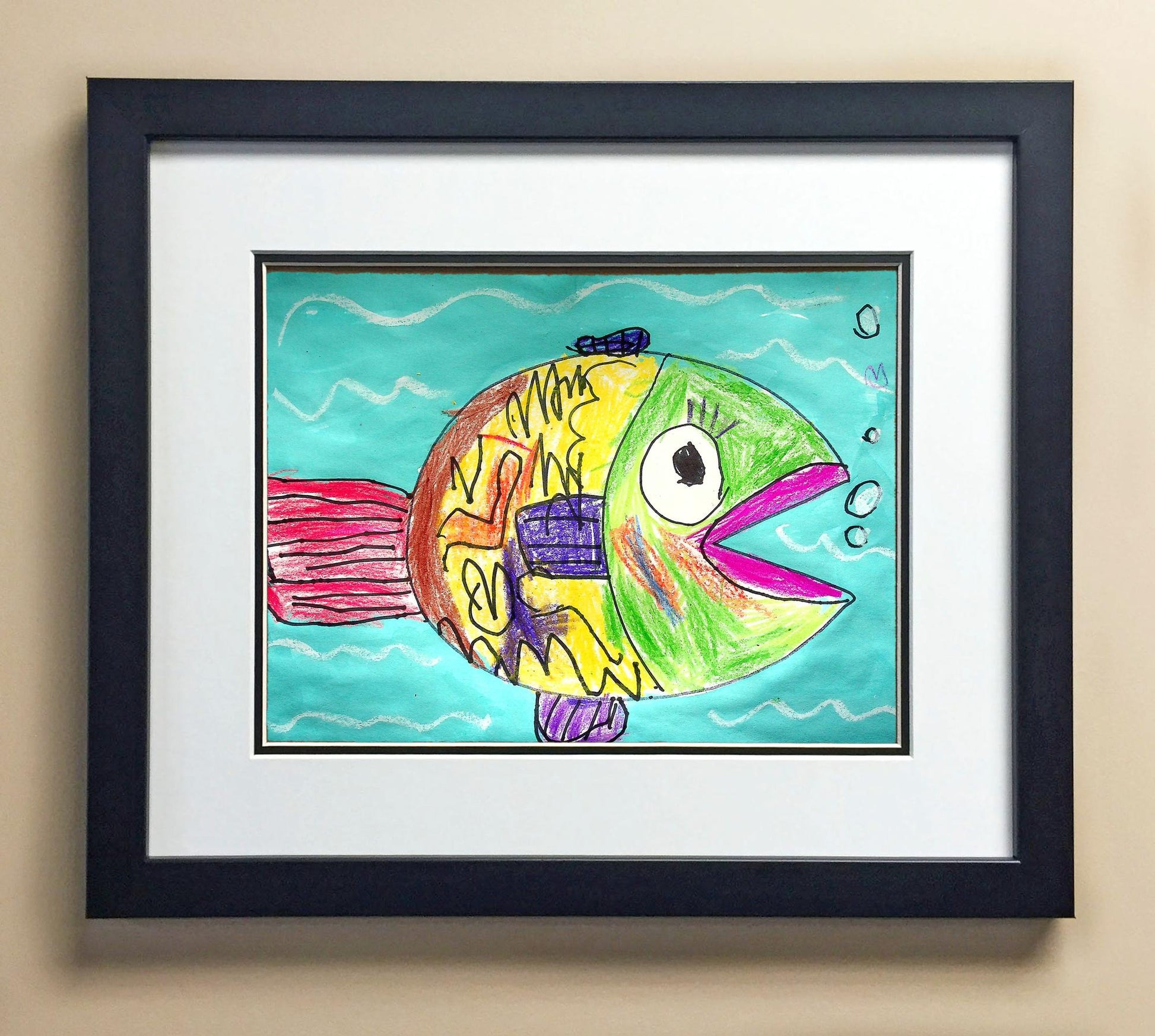 Included with the purchase is the Students Artwork, Frame, double matboard, shatter proof plexiglass, and a ready to hang backerboard with turnbuttons
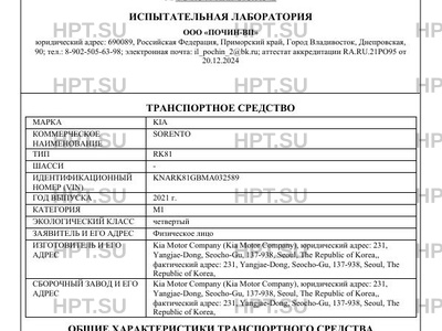 | Предприятие-изготовитель | Kia Motor Company (Kia Motor Company), юридический адрес: 231, Yangjae-Dong, Seocho-Gu, 137-938, Seoul, The Republic of Korea, фактический адрес: 231, Yangjae-Dong, Seocho-Gu, 137-938, Seoul, The Republic of Korea |
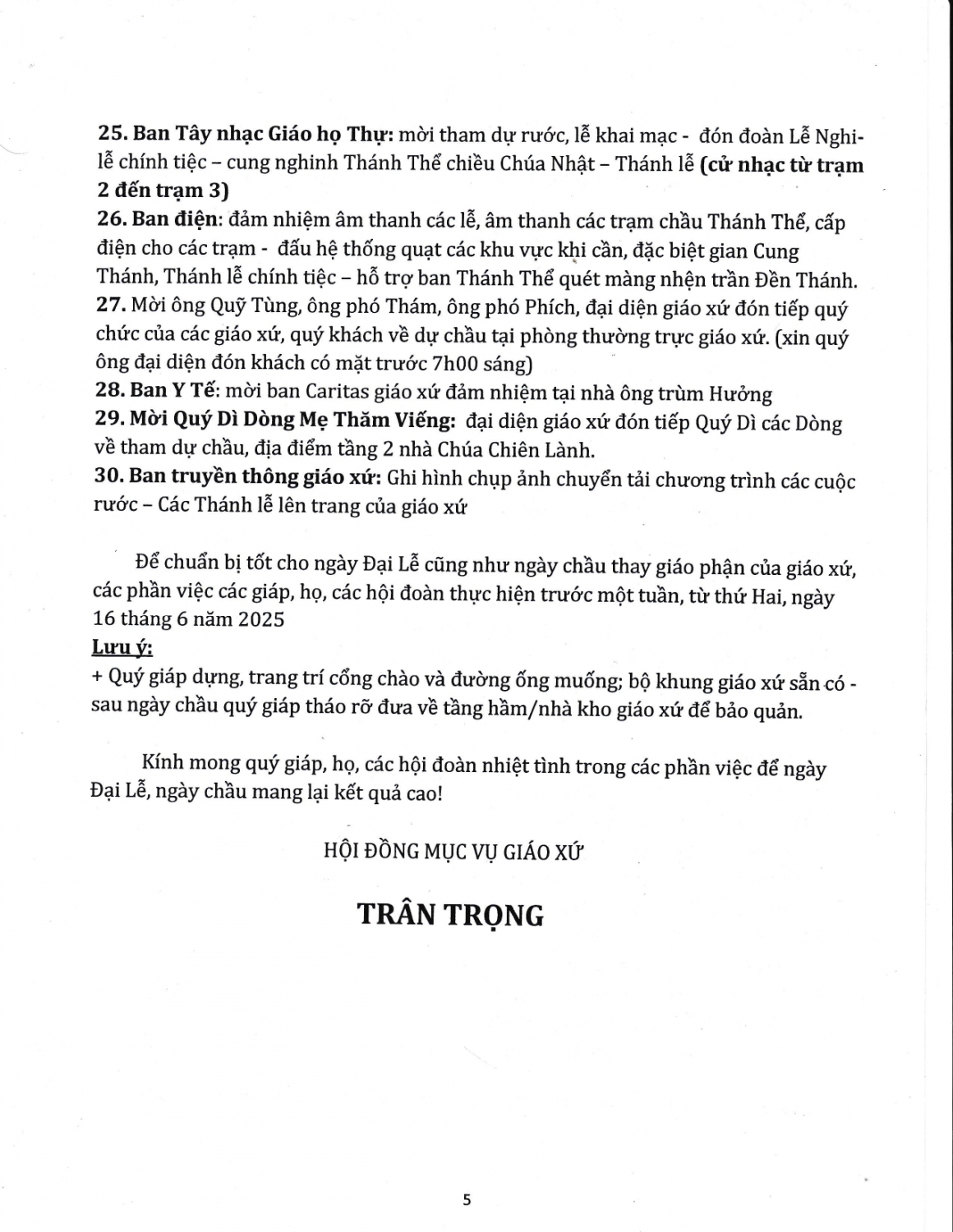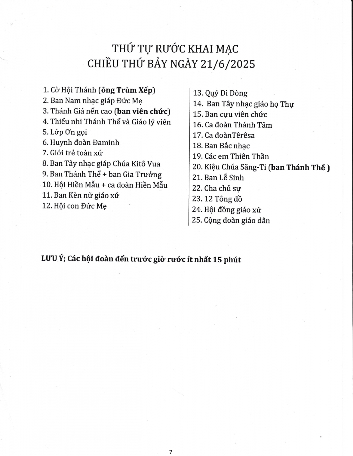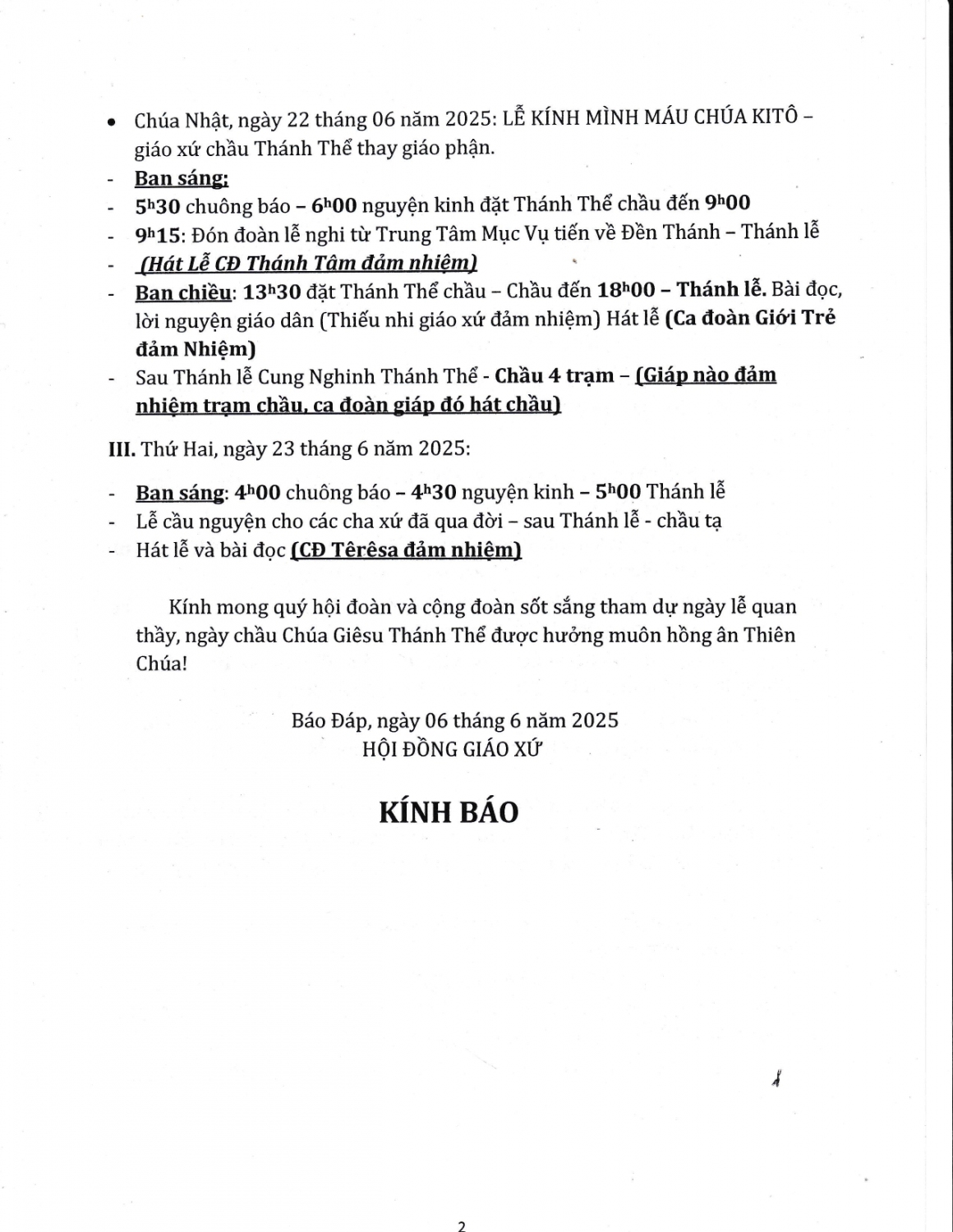 Trong suốt tuần Chầu Thánh Thể, các Giáo họ, giáo Giáp và các đoàn hội xưng tội rước lễ, tham dự Thánh Lễ, hành hương tại Đền Thánh, luân phiên Chầu Chúa Giêsu Thánh Thể để lãnh ơn toàn xá được hưởng cách hữu hiệu trong năm thánh Hy Vọng 2025.
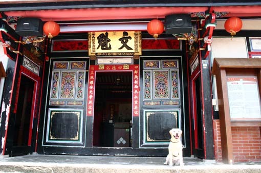 正廳大門前上有掛個匾額,寫著文魁.我知道斑斑不愛讀書,但起碼可以拍照裝裝樣子!!呵!
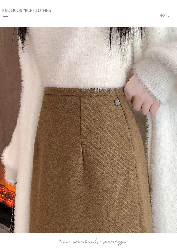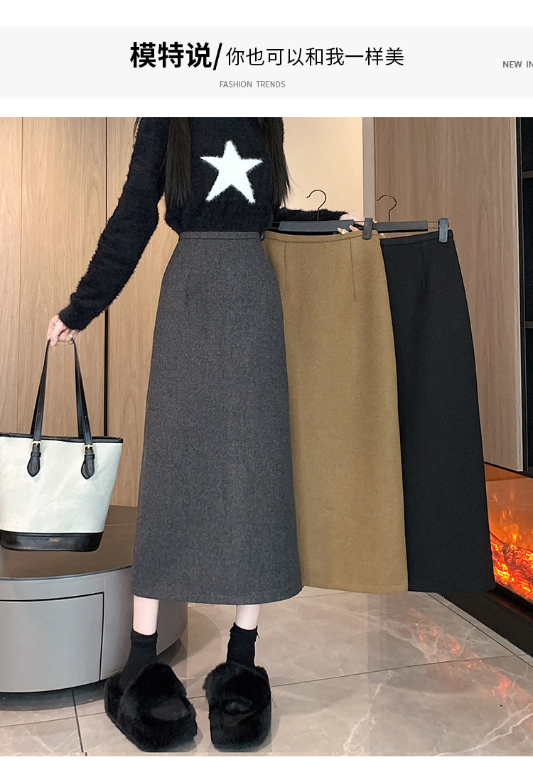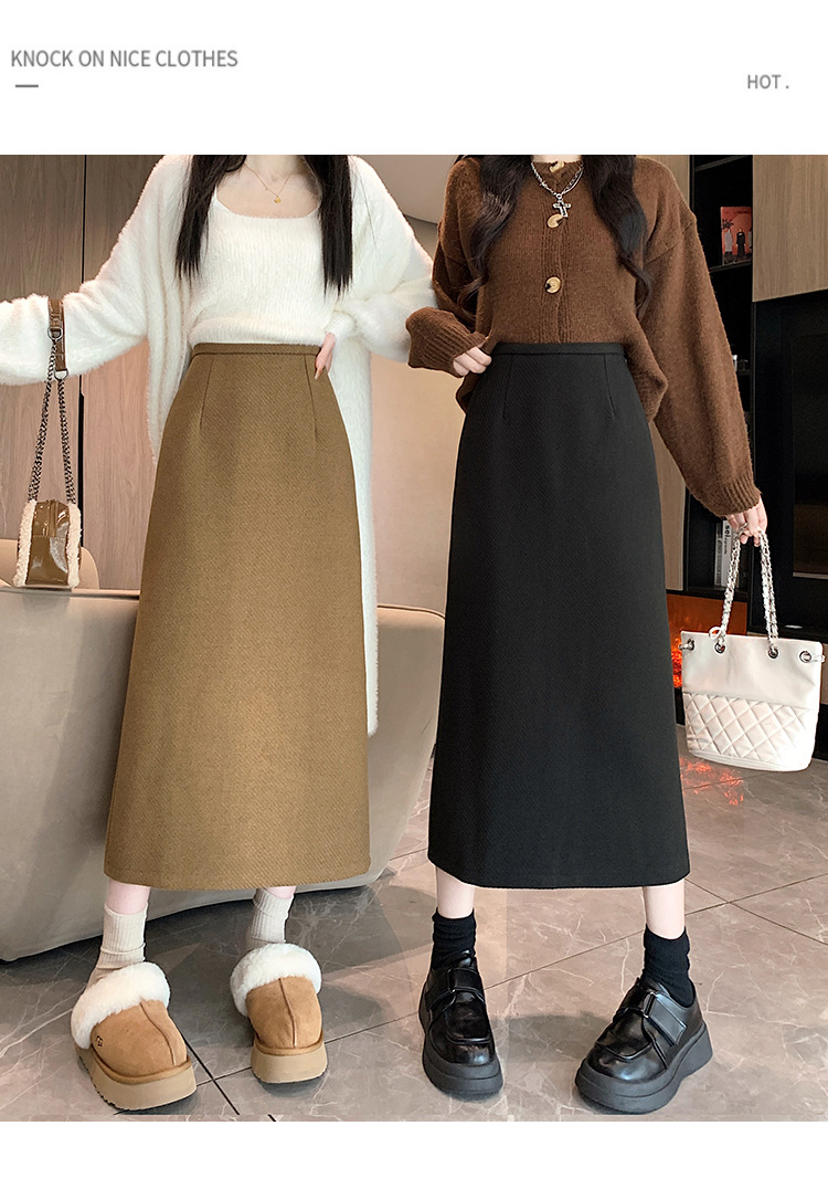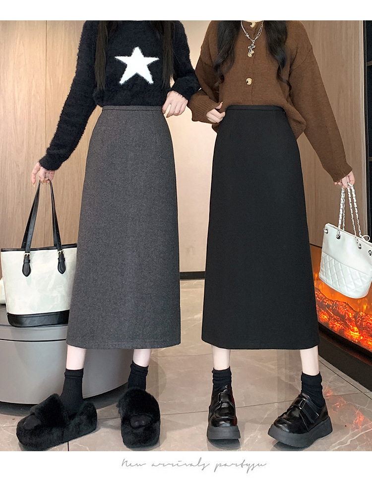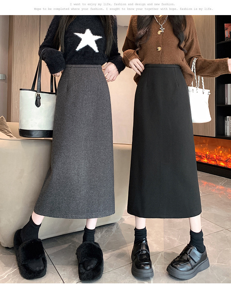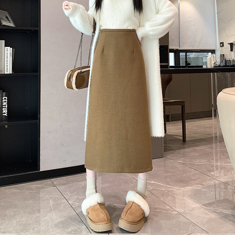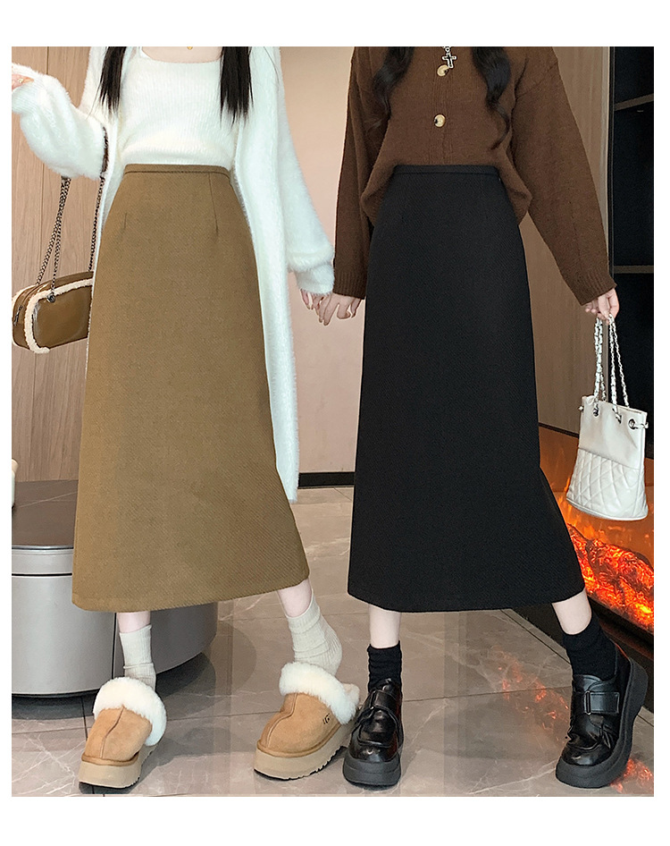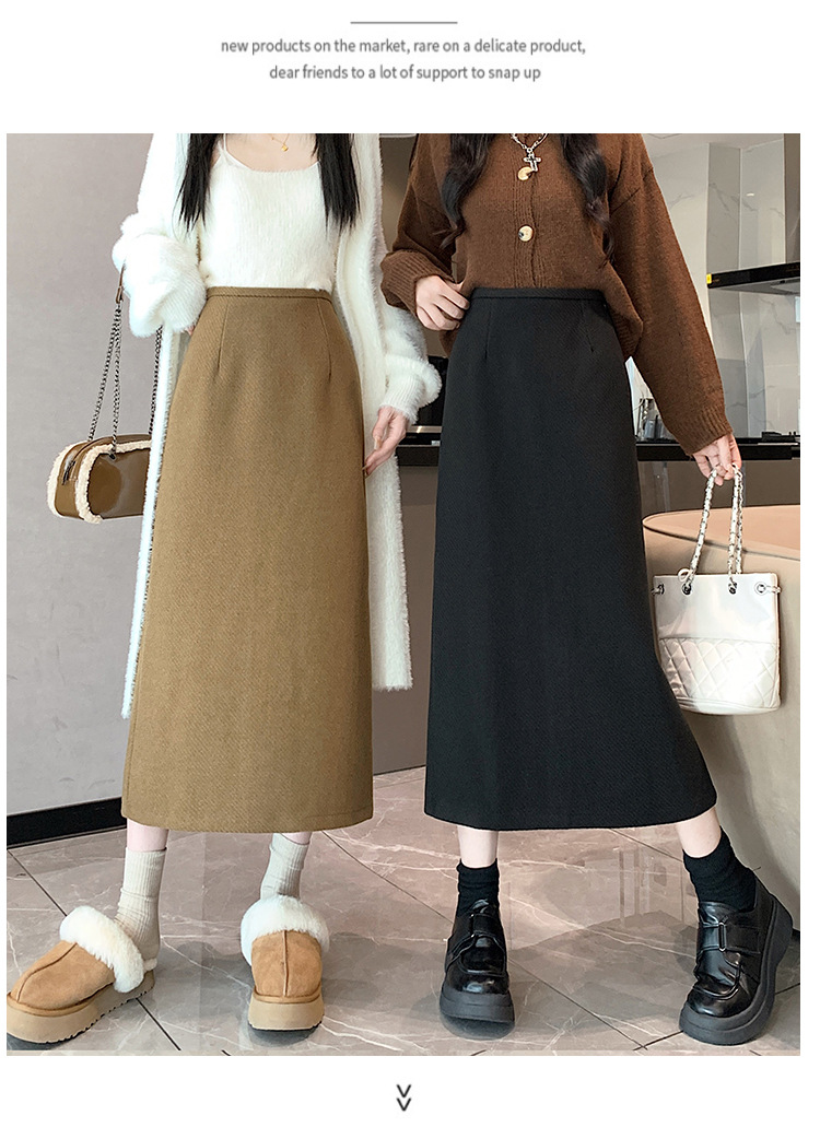레트로 패딩 트위드 스커트 여성 가을과 겨울 한국 중장 엉덩이 원스텝 스커트 스플릿 A 라인 스커트 도매
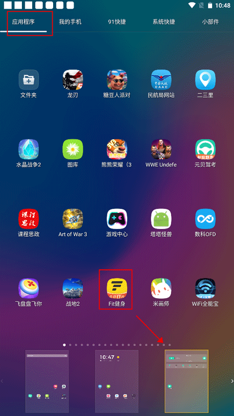 2、你可以添加应用程序图标、我的手机、91快捷等,只要选中图标移动到相对应的屏幕上就可以了。

--------------------------------------------------

■ Task to complete ■
Exactly the lines from the one holding "正廳大門前上有掛個匾額,寫著" through the last line of the entries, both included, are to be duplicated; leave the pictures out.

■ Output of the task ■
 正廳大門前上有掛個匾額,寫著文魁.我知道斑斑不愛讀書,但起碼可以拍照裝裝樣子!!呵!
레트로 패딩 트위드 스커트 여성 가을과 겨울 한국 중장 엉덩이 원스텝 스커트 스플릿 A 라인 스커트 도매
 2、你可以添加应用程序图标、我的手机、91快捷等,只要选中图标移动到相对应的屏幕上就可以了。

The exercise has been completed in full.